We were asked recently what impact the AML/CFT laws have on regular audit work and whether we would be adding content to cover this.
- Is the auditor exposed to extra risk and is there a need to update engagement letters to specifically address an obligation to report transactions found that could trigger a need to report any suspicious activity?
- How does your audit work impact your firm risk assessment and AML compliance programme?
- Is there a new NOCLAR risk in term of AML - especially if auditing an entity that is subject to AML/CFT regulations, even though the auditor is not necessarily carrying out an AML audit on the entity. Should engagement letters be updated to include this?
The DIA Guidelines for accountants (p17) say:
- "In general, financial auditing and other assurance services are not captured by the AML/CFT Act, so you will not be required to apply your compliance programme to clients who are only requesting these kinds of services."
- "You may be requested to provide AML/CFT auditing services to businesses which, by virtue of their being either a financial institution or a DNFBP, are required to comply with the AML/CFT Act. Similarly, this activity is not captured by the AML/CFT Act and you will not have to apply your compliance programme to it."
- "If, however, in the course of your (financial or AML/ CFT) auditing or other assurance procedures you have reasonable grounds to suspect that an activity is relevant to the potential investigation or prosecution of any person for a money laundering or other offence, you should consider your obligations to report that activity to the FIU.”
So generally your audit work falls outside of your AML requirements, except where in your work you stumble across a suspicious activity of some sort. So what are the obligations mentioned above and should we be specifically mentioning them in our engagement letter?
I asked Zowie Pateman from CAANZ for her opinion on this. She said:
"This is with reference to section 43 of the Act (Auditors may report suspicious activities). Also see page 12 of the Suspicious Activity Reporting Guideline. It comes under the existing NOCLAR provisions in section 225 of the Code of Ethics. You will see that PES 1paragraph 225.6 refers to “money laundering, terrorist financing and proceeds of crime” as an example of laws and regs that the section addresses.

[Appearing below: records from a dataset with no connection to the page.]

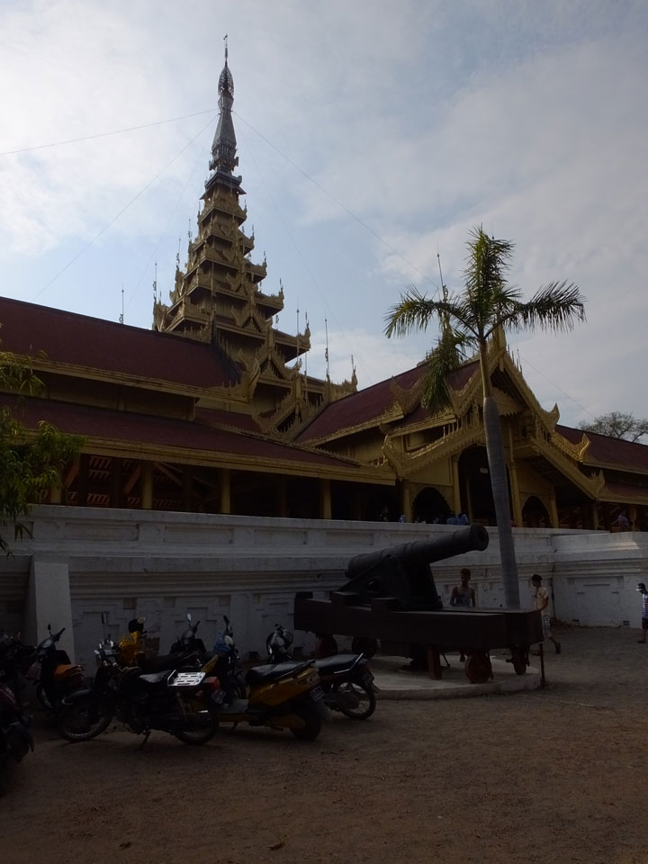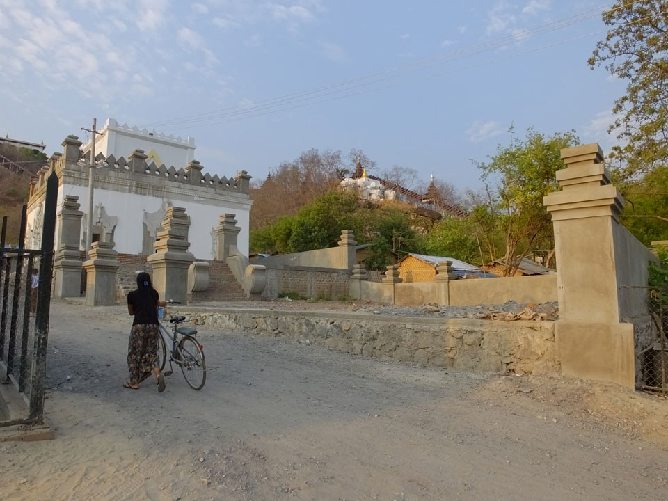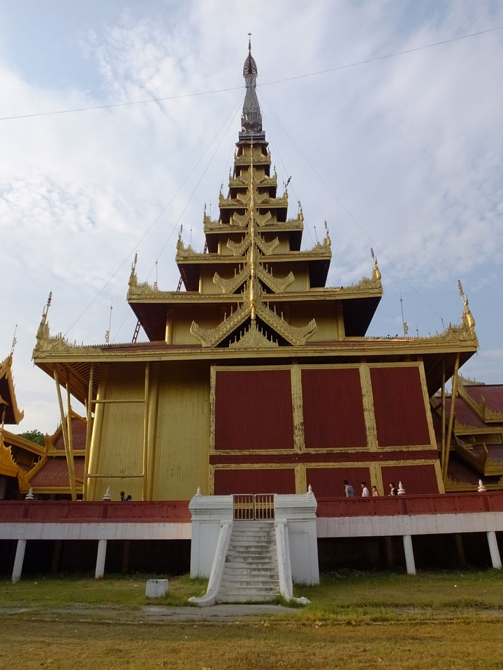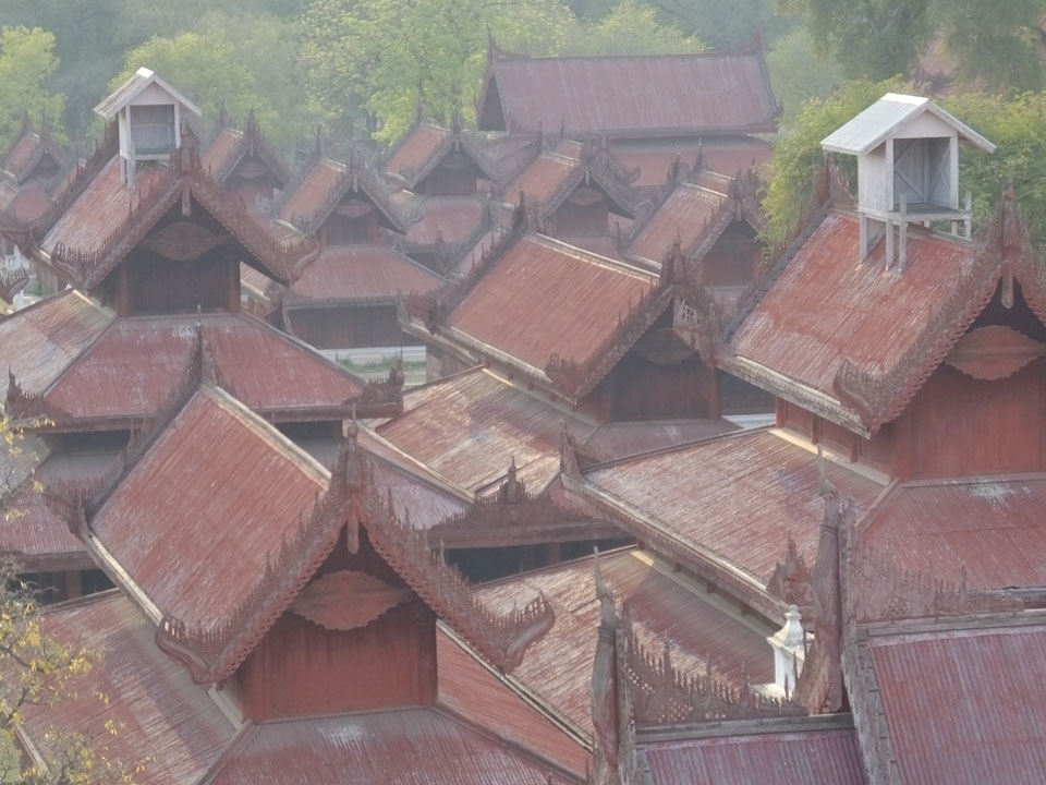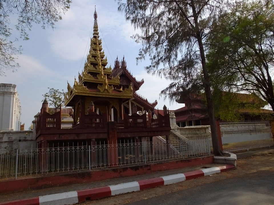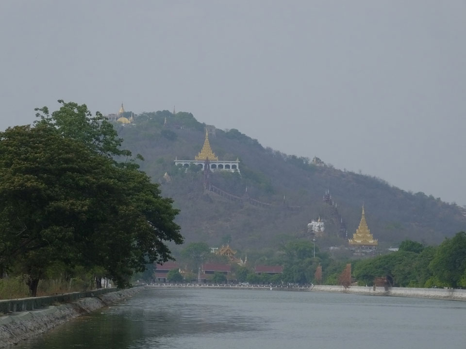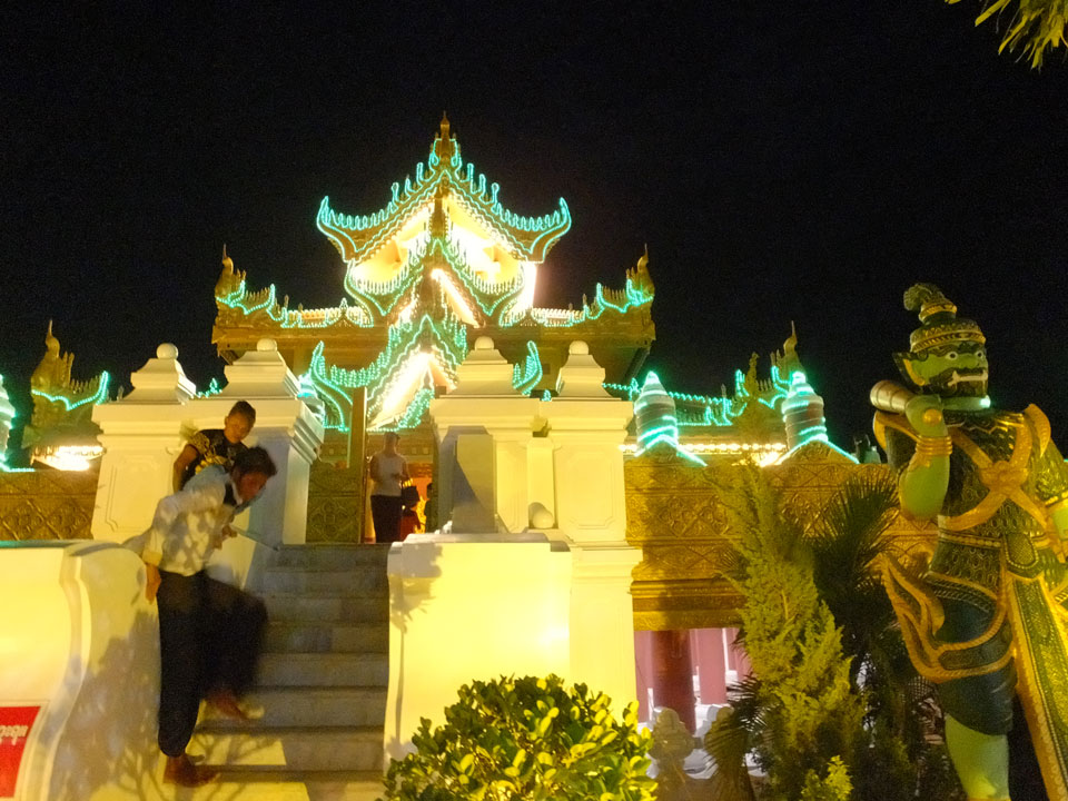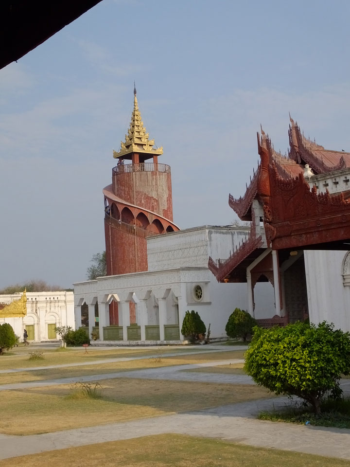 Was man alles aus Holz bauen kann… Viele große und kleine Gebäude sahen nett aus in der Hitze. Ich stieg auch auf den Wachturm hoch, knipste viel. Nach einer Weile ging’s weiter. Über Umwege in der Gegend mit Einblicken in das normale burmesische Leben, kam ich schließlich zum Mandalay Hill. Da fand ich schließlich auch den Eingang zu dem Treppen Richtung Sonnenuntergangs-Aussicht. Für 200 stellte ich mein Rad ab, 200 meine Flip-Flops. Inzwischen war ch super knapp bei Kasse. Die 30.000 vom Mittwoch waren nun fast verbraucht. Ich musste laufen, Angebote zum Mopedtransport gab’s auch.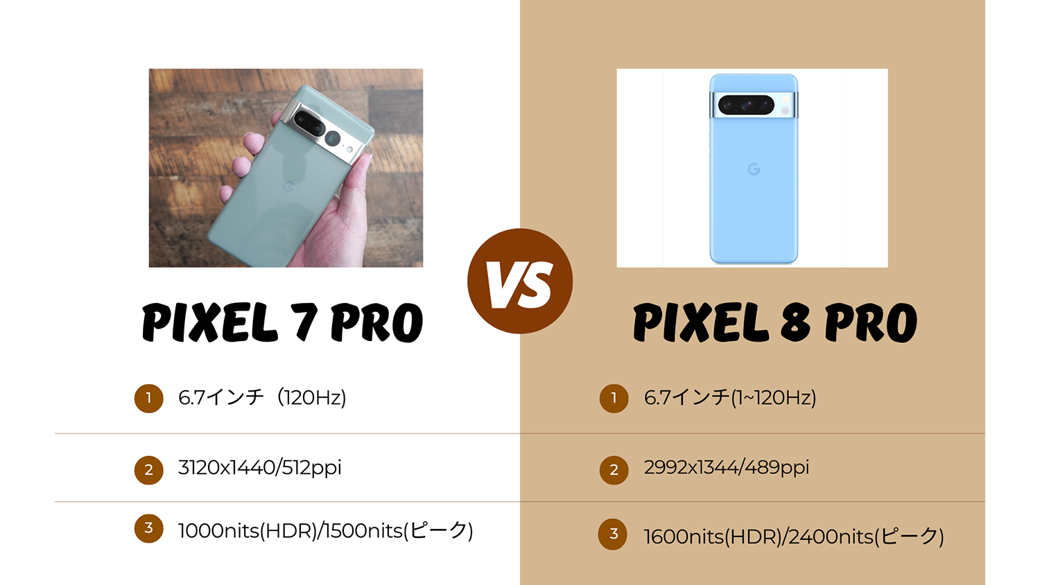 次にPixel 8 Proを確認するとPixel 8と異なりより強化されたSuper Actua Displayを搭載。ディスプレイサイズは現行モデルと一緒ですがディスプレイ輝度が大幅に強化されます。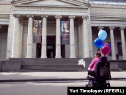 Татьяна Лазерева пытаеться попасть в Пушкинский музей на ивалидной коляске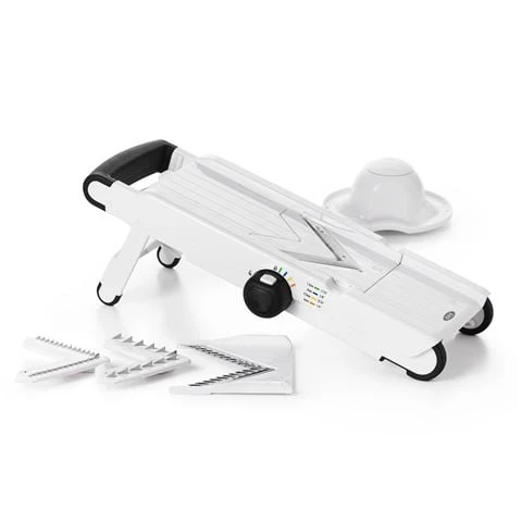 Use any of the four blades and height adjuster to perfectly slice or julienne fruits and veggies using the V-Blade Mandoline Slicer. The textured surface keeps food from sticking, while the food holder securely holds food and protects fingers. Feet fold up and Mandoline locks for safe storage.
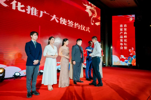 在發(fā)布會期間,小角樓與多方合力,不斷拓展“喜事喜宴喜酒”的多維引領覆蓋面,更與河南廣播電視臺主持團隊“六六大順主持團”正式簽約,將宴會氣氛推向高潮。

I wouldn’t have thought it necessary to explicitly reference the AML/CFT Act in the engagement letter but no other applicable laws and regs."
On this basis and in discussion with some other users we are taking the following position:
- We haven't amended the engagement letters within Audit Assistant as there is already provision in these that "we will comply with ethical requirements" - which covers the “money laundering, terrorist financing and proceeds of crime” issues mentioned above.
- The AML/CFT legislation does not compel the auditor to report - only that they "may report suspicious activities" - it is up to your judgement but I would suggest there is a general ethical responsibility to do so, and the legislation gives you permission to do so.
- To prompt auditors to consider these issues, we have added an extra section into the Laws and Regulations page in the "D" section asking whether the entity is subject to AML reporting and if so, have they had an AML audit and what were the results, and also prompting the auditor to be aware that if they do find unreported AML transactions that they should (may?) report them (even if not a reporting entity under the AML legislation).
Of course you may have a different take on this - please feel free to let us know.